After a while he said, “Is that a hel
lo, or is that something else?” She didn’t answer. He turned around with a kind of tiredness. “Francie,” he said. He would never start talking like somebody else would, just to have spoken. He was close enough that she could put her arms around him and she was almost going to do it, and then she did it. Did a second pass before he took her by the shoulders and stood her away from him? And then they both laughed. Thank God they did, at that moment, or she might have—what might she have done, with the fire to surround him in her, in her legs and arms?
THE AIDE TOOK her down a hall with a smell she had to shut out, not because it was strong but because it was familiar. A group smell. The smell of a house where activity divided itself between bedroom and bathroom. On either side of the door to each double room were framed photographs of the residents at an earlier time in their lives. It was midmorning and many of the doors were open. Sharla’s was shut. There was her picture, with a lettered card: SHARLA MADDEN AND FAMILY.
It was the picture from the mantel in her living room, with a backdrop of rail fence and red and yellow maple trees. There was Sharla: black bangs, red nails. Band-Aid. Wedding ring she couldn’t get off. She sat on a bench at the fence, with her knees to one side and her hair teased, the smaller boys on either side of her. Behind them in his football uniform, with a hand on her shoulder and his helmet under his arm, stood Gary.
Francie raised her eyes to his. It was before the school changed the uniforms, so he was a junior. She was in the ninth grade. Already she waited through football practice every day. Already they were planning to get married, already down in the back seat of Sharla’s car.
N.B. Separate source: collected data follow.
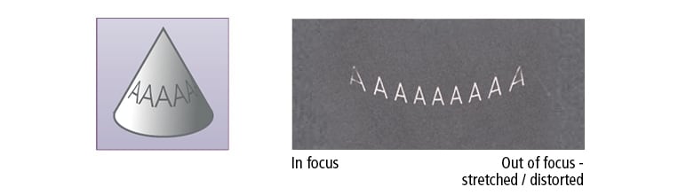 激光标记器通常在目标在其光束焦点处时产生最佳标记。目标离焦点越远,激光光斑的焦点就越小。最终,由于光斑的放大和能量密度的降低,斑纹变暗。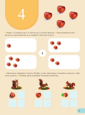 Połącz z liczbą 4 to pole, w którym są 4 orzechy laskowe. W pozostałych polach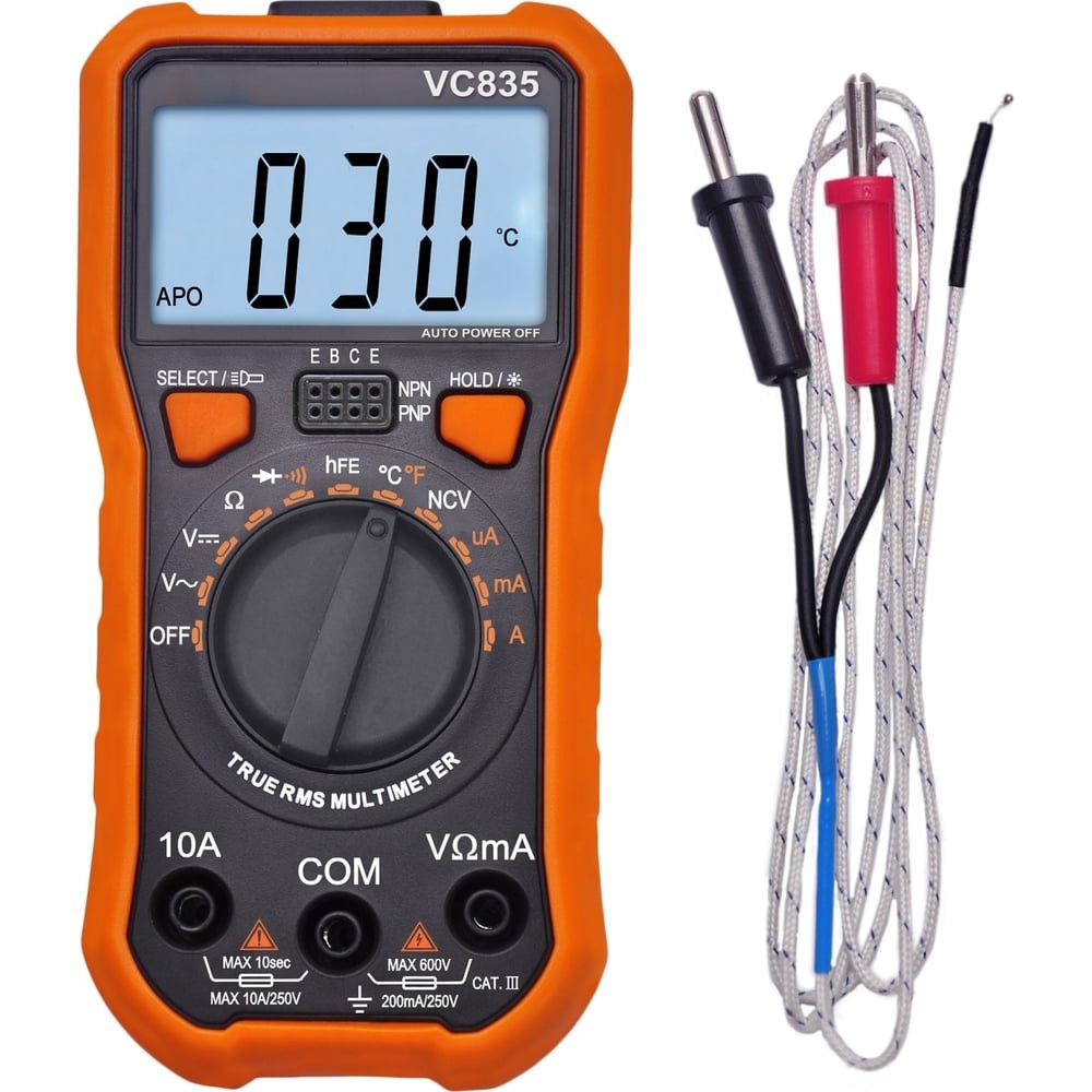 Автоматический цифровой мультиметр Вымпел VC835 5228 используется для измерения постоянного и переменного напряжения, силы тока, сопротивления, температуры и коэффициента усиления транзистора. В модель также включены функции проверки диодов и непрерывности электрической цепи. Для облегчения считывания информации все необходимые показатели выводятся на дисплей с подсветкой. Возможность фиксации данных облегчает работу в труднодоступных местах.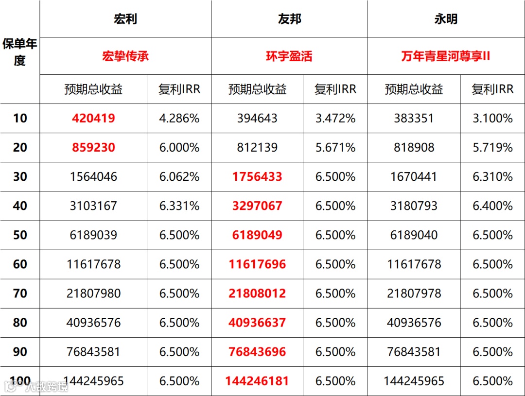 前20年:宏利宏挚传承表现最突出,10年复利IRR达4.28%,20年进一步升至6.00%,显著领先另外两款;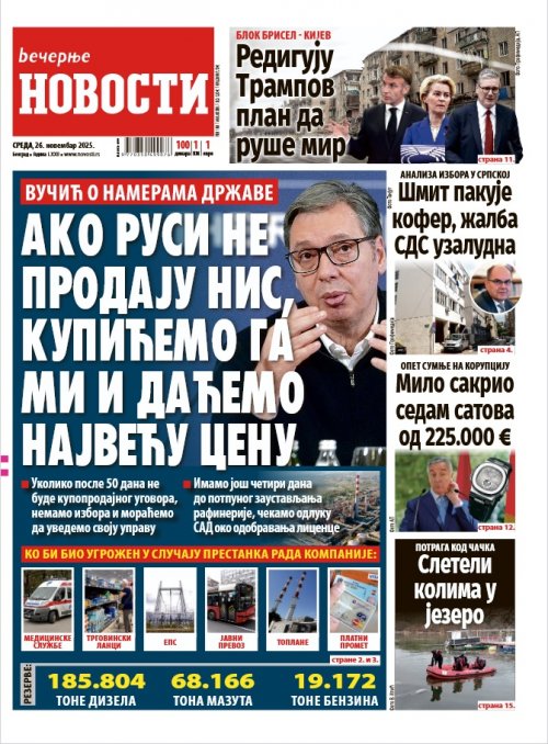 Večernje novosti - Naslovna strana - Štampano izdanje za 26.11.2025.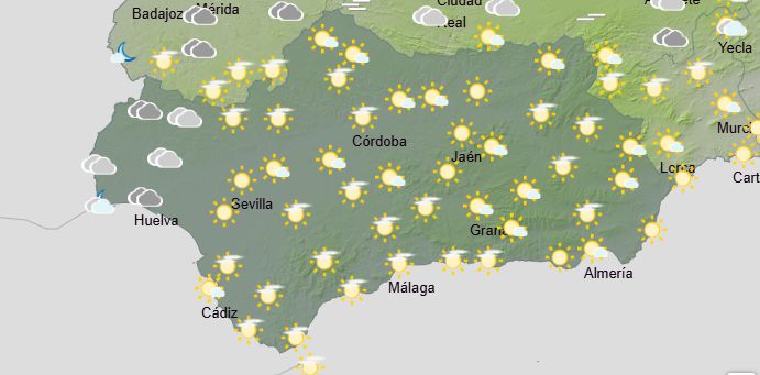 La AEMET anuncia para hoy en Andalucía: cielos poco nubosos aumentando a nubosos, con chubascos ocasionales a partir de la tarde, más probables en la vertiente atlántica y al final del día. Temperaturas mínimas en descenso; máximas sin cambios o en ascenso. Vientos flojos a moderados de componente oeste, ocasionalmente fuertes en el litoral mediterráneo por la tarde.

Why did she never get pregnant? And now—impossible now? A quick pain ran through her head behind the eyes. She got these. The prison nurse had said to stay away from cheese.
To the right of the door the picture was of a fat cheerful couple standing beside a truck. The aide pointed her back. “There she is. That’s Sharla,” in a warning tone, as though Francie might not know which woman was which. “Sharla? Muriel?” The aide turned the knob and Francie stepped in.